Introduction: Health companies need investment for development. Due to the high risk of their activities, it is very difficult to attract investment for this field, but this lack of financial resources leads to the failure of these companies, so providing a model for predicting profits and losses in companies is very important and functional.

Material and Methods: In this study, a combination of two logistic regression algorithms and differential analysis were used to design a profit and loss forecasting model. Also, the information of 20 companies in the field of health was used to evaluate the proposed model. 10 profitable companies and 10 loss-making companies were selected and for each company, nine variables independent of the financial information of these companies were collected.

Results: The designed prediction model was implemented on the data in this study. To do this, the data were divided into two sets: training and testing. The prediction model was implemented on training data and evaluated by test data and reached 99.65% sensitivity, 94.75% specificity and 96.28% accuracy. The proposed model was then compared with the methods of decision tree C4.5, Bayesian, support vector machine, nearest neighborhood and multilayer neural network and it was found to have a better output.

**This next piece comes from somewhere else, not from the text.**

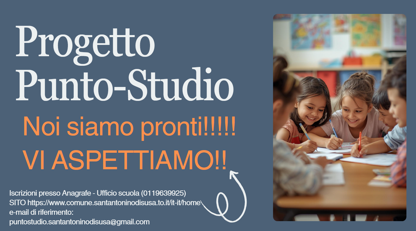 Da mercoledì 25 febbraio prende avvio il progetto Punto-Studio, promosso dal Comune di Sant’Antonino di Susa in collaborazione con l’Istituto Comprensivo Centopassi, con l’obiettivo di offrire uno spazio gratuito di supporto allo studio, inclusione e crescita educativa per gli studenti del territorio.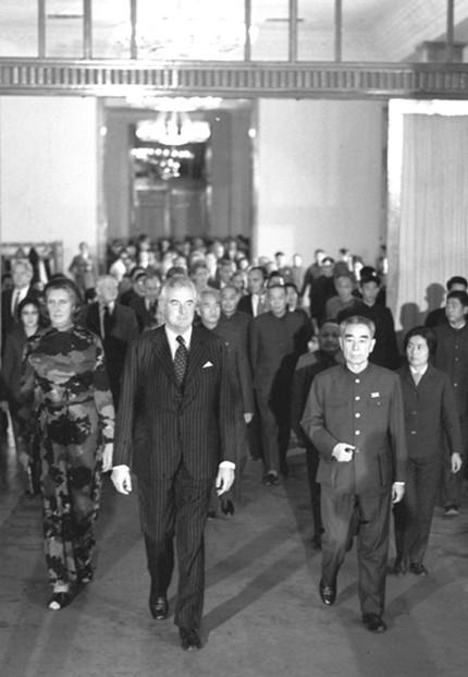 ????惠特拉姆被澳大利亞人譽(yù)為“澳中建交之父”。幾乎與基辛格博士秘密訪華同時,惠特拉姆1971年7月率澳大利亞工黨代表團(tuán)訪華?;萏乩反文贲A得選舉并出任澳大利亞總理后,立即推動了澳大利亞與新中國正式建交,使澳大利亞成為較早與新中國建交的西方國家之一。

Conclusion: In this study, it was found that the risk in the field of health investment can be reduced, so the profit and loss situation of health companies can be predicted with appropriate accuracy. It was also found that the combination of logistic regression and differential

INTRODUCTION

Investing means injecting financial resources with the expectation of profit from it. More precisely, investing is the commitment of money or investment to the financial purchase of other assets or assets for the benefit of beneficial returns in the form of interest, dividends, or appreciation of the value of the assets [1, 2]. The role and importance of investment in the process of economic growth and development of societies has been emphasized in most theories of economic growth and development [3, 4]. Among the most important issues raised in the field of financial management, investment and investment confidence. One of the issues that can help in investing decision making is the existence of appropriate tools and models for assessing the financial condition and condition of organizations [5]. One of the most important issues in investing is the probability of profit and loss of companies [6, 7]. Given that today no venture investments specifically addresses the issue of digital health, so designing a forecasting model to calculate the amount of profits and losses can be very effective in expressing and investing with the help of a forecasting model that can be risky. Minimize yourself

Knowledge-based companies in the field of health and water startups need investment for their development. Due to the high risk of their activities, it is very difficult to attract investment for this virtual class. Knowledge-based projects in the field of health and startups that this failure is lagging behind the growth of digital health in the country, so providing a model for predicting profits and losses in companies is very important.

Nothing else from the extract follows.